BRITISH ARTISTS

 

 

Thomas Gainsborough was born in 1727. He painted the sitters and backgrounds which merge into a single entity. The background of the portrait “Mr. and Mrs. Andrews´” is a wheat field. No other painter has caught the essence of silks and lace in motion. He liked to paint women very much. He painted full-length, life-size portraits.

John Constable was born in 1776. The beauty of the surrounding scenery of his home, its luxuriant meadows, its woods and rivers became the subject matter of his paintings. He used sparkles of light and colour to give the picture a deliberate roughness of texture. His paintings were not popular because people thought they were too bright and copied nature too exactly. His famous works are Flatford Mill and The Hay Wain. He was the one who discovered the effects of coloured patches placed densely side by side on the canvas.         

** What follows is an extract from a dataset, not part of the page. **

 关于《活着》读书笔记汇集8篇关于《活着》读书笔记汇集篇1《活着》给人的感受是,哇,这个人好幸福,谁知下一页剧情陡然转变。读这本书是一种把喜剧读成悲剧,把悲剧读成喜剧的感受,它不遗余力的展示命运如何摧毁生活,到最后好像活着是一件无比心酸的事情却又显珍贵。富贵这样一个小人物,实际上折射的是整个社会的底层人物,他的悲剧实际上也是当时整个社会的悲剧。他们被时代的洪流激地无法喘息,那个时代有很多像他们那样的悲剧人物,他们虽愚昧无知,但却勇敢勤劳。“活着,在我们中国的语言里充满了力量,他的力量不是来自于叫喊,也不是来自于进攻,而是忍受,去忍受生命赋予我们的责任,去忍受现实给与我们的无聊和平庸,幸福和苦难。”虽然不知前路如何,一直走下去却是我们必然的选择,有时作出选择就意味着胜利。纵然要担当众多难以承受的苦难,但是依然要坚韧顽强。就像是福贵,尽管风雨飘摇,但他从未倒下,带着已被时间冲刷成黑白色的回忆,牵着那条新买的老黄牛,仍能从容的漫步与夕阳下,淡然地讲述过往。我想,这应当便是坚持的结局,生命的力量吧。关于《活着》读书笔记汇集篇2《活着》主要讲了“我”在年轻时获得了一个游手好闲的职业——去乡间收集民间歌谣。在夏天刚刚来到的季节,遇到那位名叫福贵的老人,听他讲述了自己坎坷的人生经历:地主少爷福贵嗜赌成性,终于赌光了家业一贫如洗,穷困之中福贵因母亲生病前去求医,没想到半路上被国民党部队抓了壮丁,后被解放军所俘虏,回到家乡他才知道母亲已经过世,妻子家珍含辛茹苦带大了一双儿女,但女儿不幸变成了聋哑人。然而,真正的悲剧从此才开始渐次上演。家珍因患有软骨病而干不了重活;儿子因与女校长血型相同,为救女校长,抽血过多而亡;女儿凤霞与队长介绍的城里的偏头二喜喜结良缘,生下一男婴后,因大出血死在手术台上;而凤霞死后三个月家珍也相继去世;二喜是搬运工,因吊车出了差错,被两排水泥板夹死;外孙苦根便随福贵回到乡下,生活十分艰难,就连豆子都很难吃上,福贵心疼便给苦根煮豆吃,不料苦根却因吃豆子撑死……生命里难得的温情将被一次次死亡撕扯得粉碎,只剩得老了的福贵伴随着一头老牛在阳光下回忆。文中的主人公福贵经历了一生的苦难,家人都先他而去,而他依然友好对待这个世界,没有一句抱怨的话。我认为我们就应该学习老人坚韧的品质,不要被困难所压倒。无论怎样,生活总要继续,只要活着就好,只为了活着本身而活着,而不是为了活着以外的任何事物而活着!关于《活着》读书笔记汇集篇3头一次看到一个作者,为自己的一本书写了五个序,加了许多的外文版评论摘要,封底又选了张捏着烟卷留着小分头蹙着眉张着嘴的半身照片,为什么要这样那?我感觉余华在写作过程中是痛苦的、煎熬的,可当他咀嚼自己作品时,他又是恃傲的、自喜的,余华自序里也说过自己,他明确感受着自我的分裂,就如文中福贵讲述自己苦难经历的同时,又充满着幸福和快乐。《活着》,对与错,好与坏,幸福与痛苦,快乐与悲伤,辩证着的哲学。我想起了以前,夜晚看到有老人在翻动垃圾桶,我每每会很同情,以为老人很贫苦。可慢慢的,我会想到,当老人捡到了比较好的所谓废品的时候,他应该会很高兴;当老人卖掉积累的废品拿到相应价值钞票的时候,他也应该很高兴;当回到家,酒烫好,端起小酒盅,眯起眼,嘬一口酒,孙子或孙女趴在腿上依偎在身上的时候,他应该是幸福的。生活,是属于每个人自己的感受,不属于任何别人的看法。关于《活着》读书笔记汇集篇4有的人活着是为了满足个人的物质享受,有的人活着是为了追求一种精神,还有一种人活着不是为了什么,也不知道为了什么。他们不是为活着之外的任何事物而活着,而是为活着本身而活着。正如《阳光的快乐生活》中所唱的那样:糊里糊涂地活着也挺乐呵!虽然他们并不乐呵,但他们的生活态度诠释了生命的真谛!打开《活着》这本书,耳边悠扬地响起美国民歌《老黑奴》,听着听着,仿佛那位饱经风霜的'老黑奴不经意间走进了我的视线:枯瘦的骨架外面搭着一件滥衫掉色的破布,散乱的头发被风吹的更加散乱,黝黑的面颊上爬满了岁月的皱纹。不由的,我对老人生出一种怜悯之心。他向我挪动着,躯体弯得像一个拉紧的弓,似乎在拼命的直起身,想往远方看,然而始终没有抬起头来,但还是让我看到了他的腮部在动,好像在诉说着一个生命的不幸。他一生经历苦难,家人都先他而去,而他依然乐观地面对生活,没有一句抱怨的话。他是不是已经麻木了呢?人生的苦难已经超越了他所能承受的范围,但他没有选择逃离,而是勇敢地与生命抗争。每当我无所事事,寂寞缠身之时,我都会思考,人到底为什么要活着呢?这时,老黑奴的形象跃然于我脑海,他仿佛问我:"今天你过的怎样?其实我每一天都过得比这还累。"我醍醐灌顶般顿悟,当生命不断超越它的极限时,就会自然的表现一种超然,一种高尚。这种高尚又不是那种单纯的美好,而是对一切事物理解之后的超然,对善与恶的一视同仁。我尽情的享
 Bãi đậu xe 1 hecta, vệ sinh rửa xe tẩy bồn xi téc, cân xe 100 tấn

Joseph Mallord William Turner was one of the founders on English watercolour landscape painting. He was born a year earlier than Constable, in 1775. One of his main themes was the helplessness and smallness of man against the destructive forces of nature. The pastel light in his pictures makes a striking effect as he uses an interplay between dark and light, warm and cold passes in his pictures. Perhaps one of the finest examples of Turner’s oil paintings is Norham Castle, Sunrise. Turner painted there not an object, nor a landscape, but the very air itself. The majority of Turner’s works are exhibited at the London Tate Gallery.